O preâmbulo foi para falar que, novamente, a cumplicidade velada apareceu de tal forma à minha frente, com tamanha clareza, que quase deixou o seu status de velada. Diria até que ela teve seu momento velada e, aos poucos, passou à escancarada.
Estou falando da aura pré-jogo do Flamengo ontem. Os cidadãos do Rio, ao envergar sua segunda pele, a rubro-negra, estavam dizendo a todos, sem ao menos precisar soltar uma nota pela boca, que estavam felizes e ansiosos pelo hexa iminente.
Ficava evidente nos sorrisos trocados entre flamenguistas desconhecidos. Uma simpatia que tinha motivo único.

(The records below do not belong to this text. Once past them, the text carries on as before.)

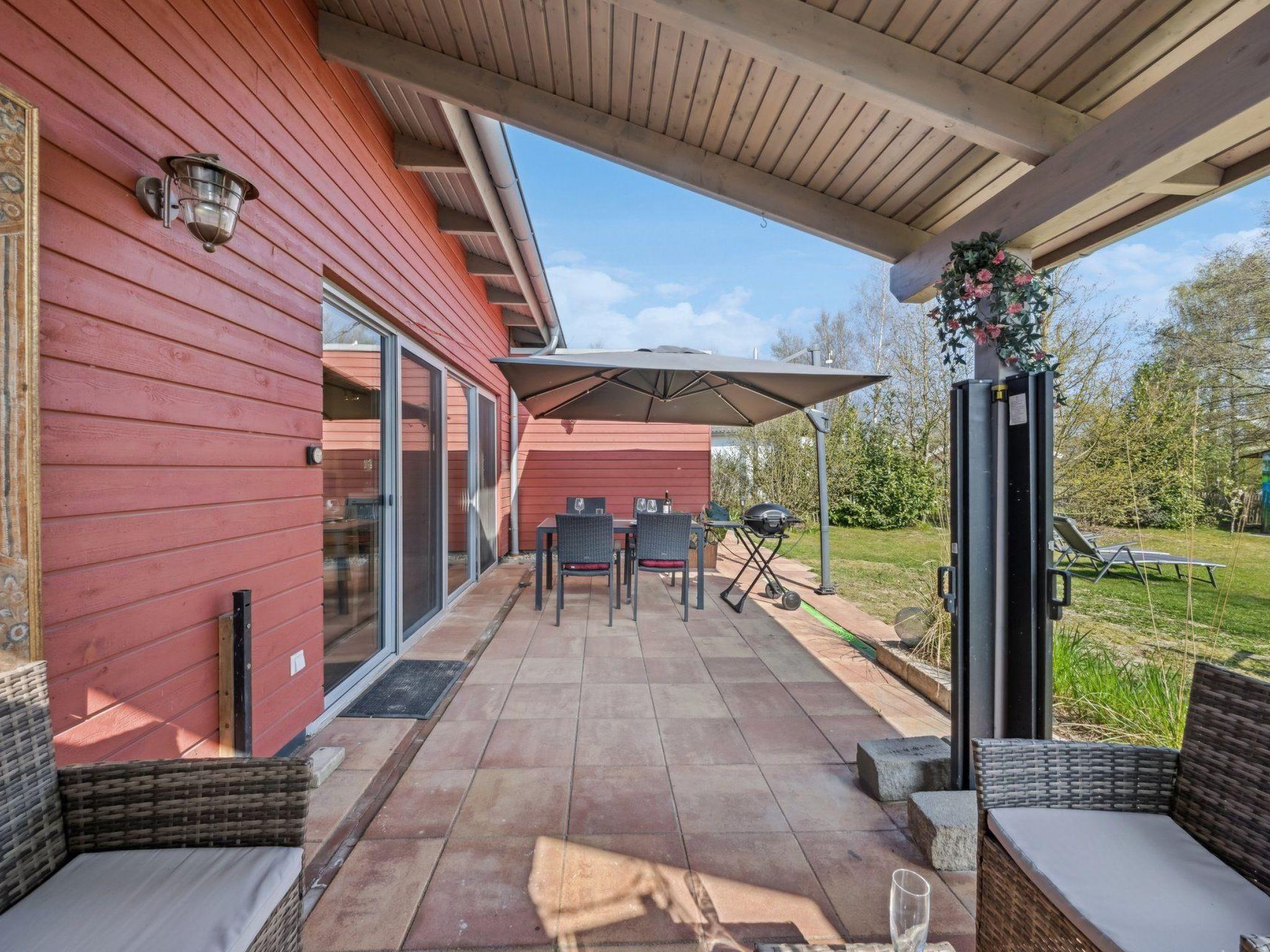 Der Außenbereich des PINTO ROSSO lässt keine Wünsche offen. Ein geräumiger Carport schützt nicht nur Ihr Fahrzeug, sondern ermöglicht einen trockenen Zugang zum Haus. Unter der überdachten Hälfte der Terrrasse findet sich eine Infrarot-Sauna. Im Garten mit grosser Grünfläche steht eine Schaukelbank direkt am See, während am eigenen Steg ein kleines, rotes Ruderboot zu Wasserspaß einlädt. Zusätzlichen Komfort bietet die einzige Elektroauto-Ladestation im Ferienhaus-Park und ein für Gäste nutzbares Gartenhaus.
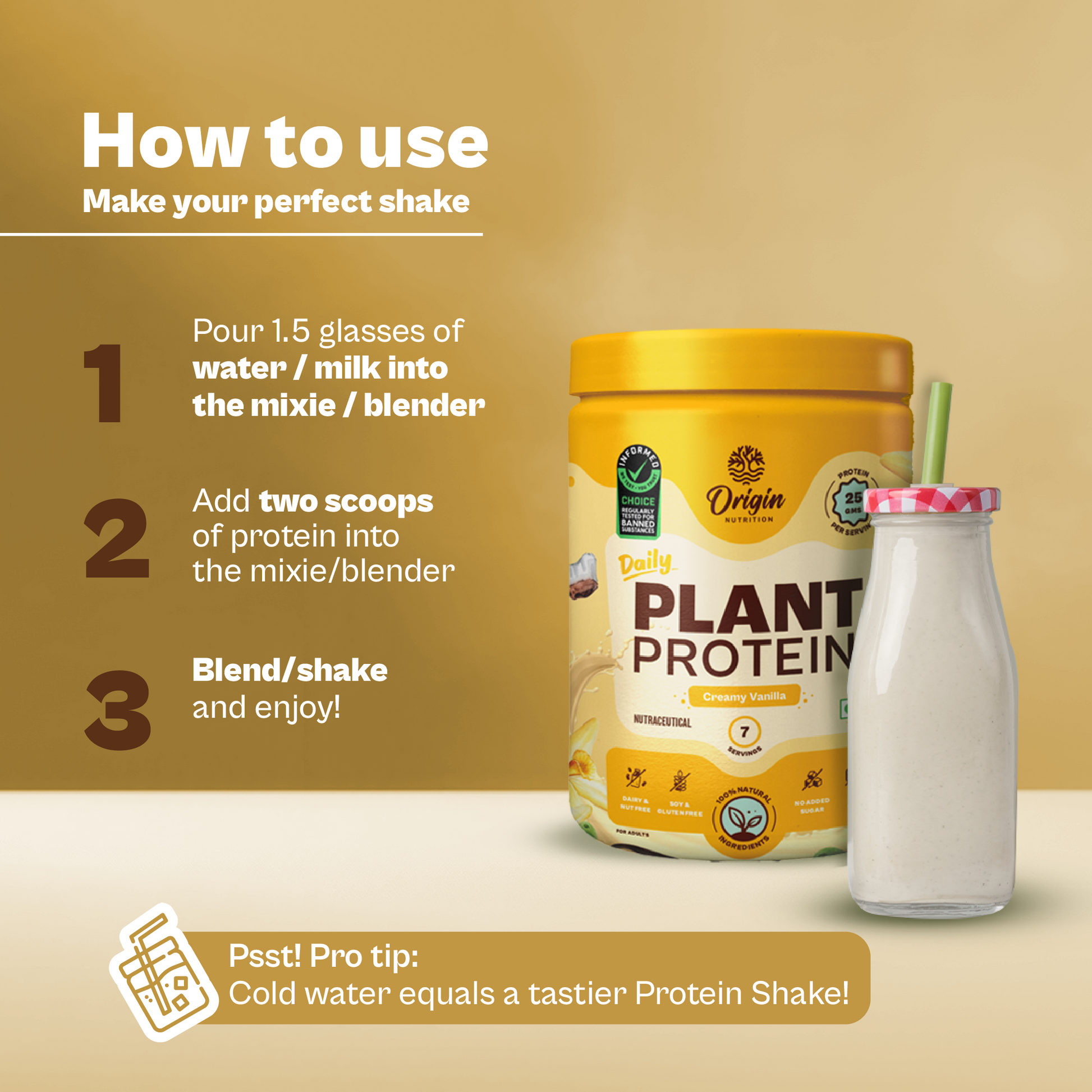 1. Shake: Blend two scoops of our Origin Nutrition Protein with 300-350ml/1.5 glass of water/plant-based milk & shake(we highly recommend ice-cold water for best taste).
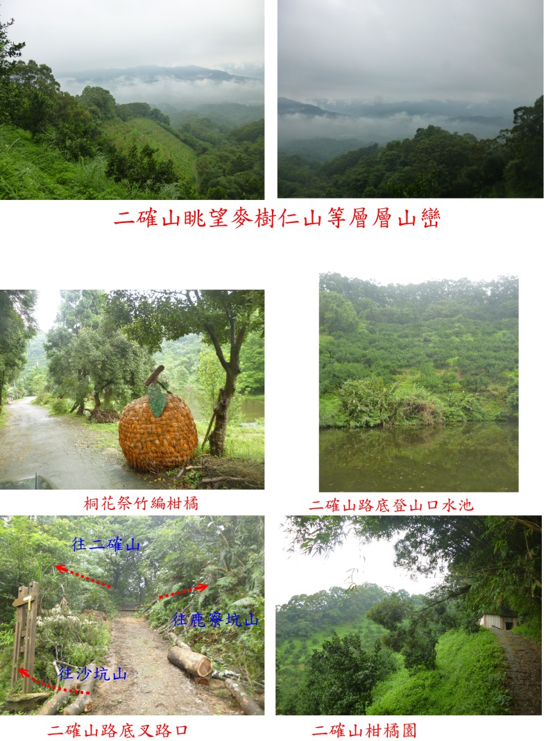 取土路走50公尺,土路左往沙坑山,取直走十餘公尺至稜線叉路,右往鹿寮坑山;取左山徑往二確山,走3分鐘進入柑橘園上方,眺望麥樹仁山等層層山巒;續行竟然找不到山徑,研究一下二確山基石於較低的支稜,取右陡下柑橘園,隨即接果園水泥小徑,至工寮接水泥路,前方左上支稜小山頭,隨即抵達二確山殖產局三角補點;於林內無展望,原路回至停車處,此山往返走24分。
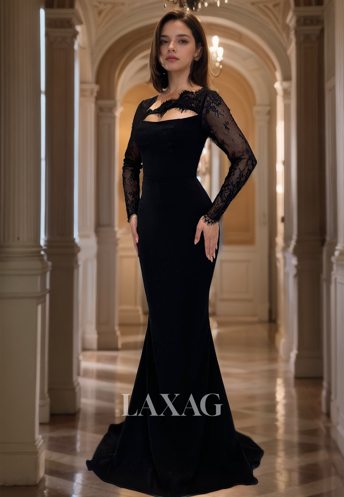 This Tube Top Lace Long-Sleeves Satin Mermaid Formal Prom Dress is perfect for any formal occasion. The elegant lace detailing adds a touch of femininity, while the satin fabric offers a luxurious feel. The sweeping train adds a dramatic flair to this mermaid-style dress, making it a standout choice for prom or other special events.
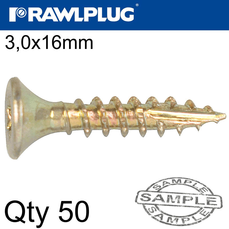 RAWLPLUG R-Ts Hardened Screw 3.0X16Mm X50 Per Bag
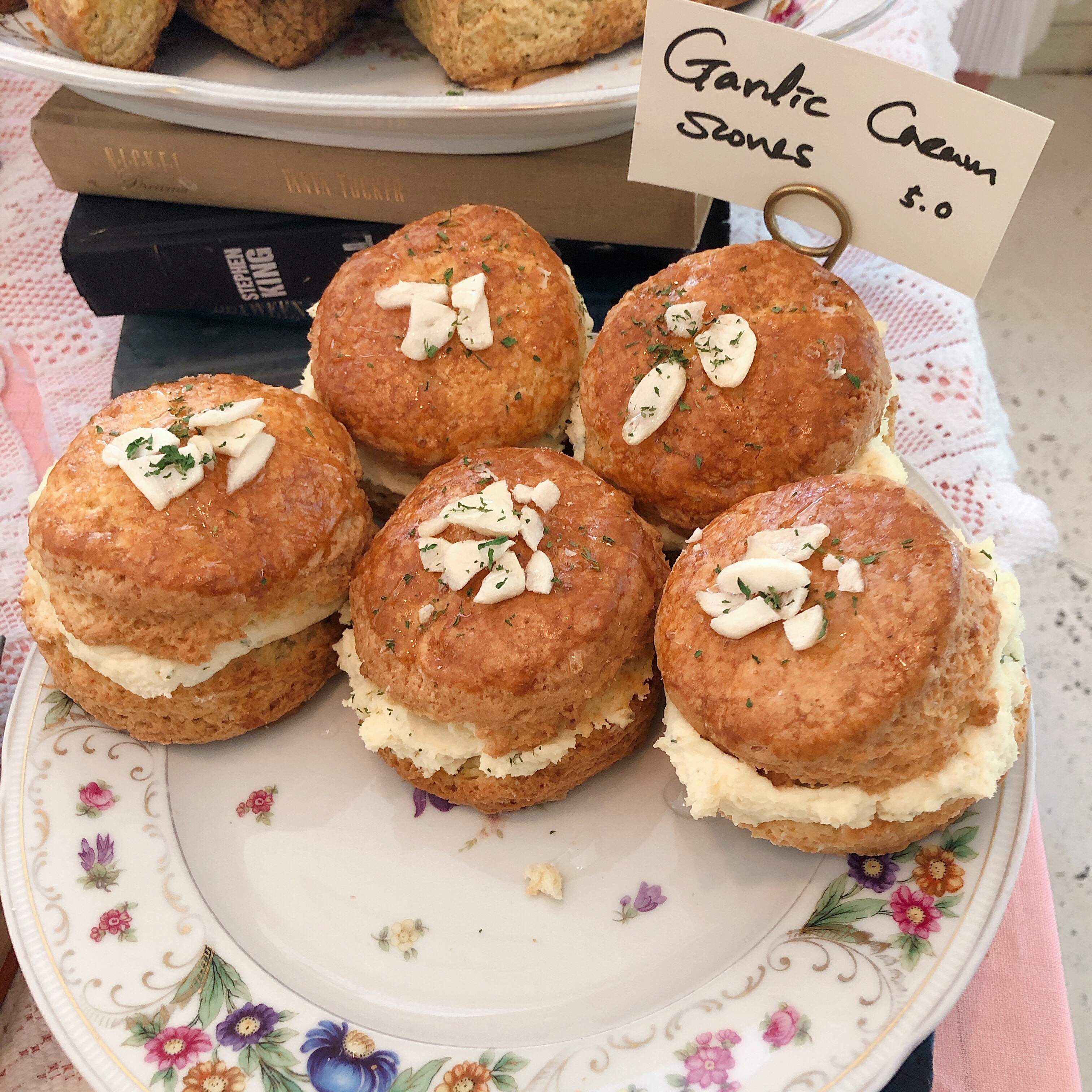 酥脆的司康,搭配鹹奶油抹醬以及蒜片,立刻激起強大食慾。

E que fez, por algumas horas, grande parte dos cariocas se sentirem parte de uma mesma coisa, com apenas um objetivo. O hexa estava perto. E todos sabíamos!
* * *
Hoje, a cumplicidade, velada ou não, cruzou novamente o meu caminho. Vi uma turma de jovens colegiais, de 12 ou 13 anos, andando na rua. Pareciam ir para uma sessão de cinema com a escola, aqueles passeios que todos gostávamos. O bacana foi ver, entre eles, uma felicidade transbordante. O motivo estava nas camisetas: do Flamengo, do Botafogo, do Fluminense.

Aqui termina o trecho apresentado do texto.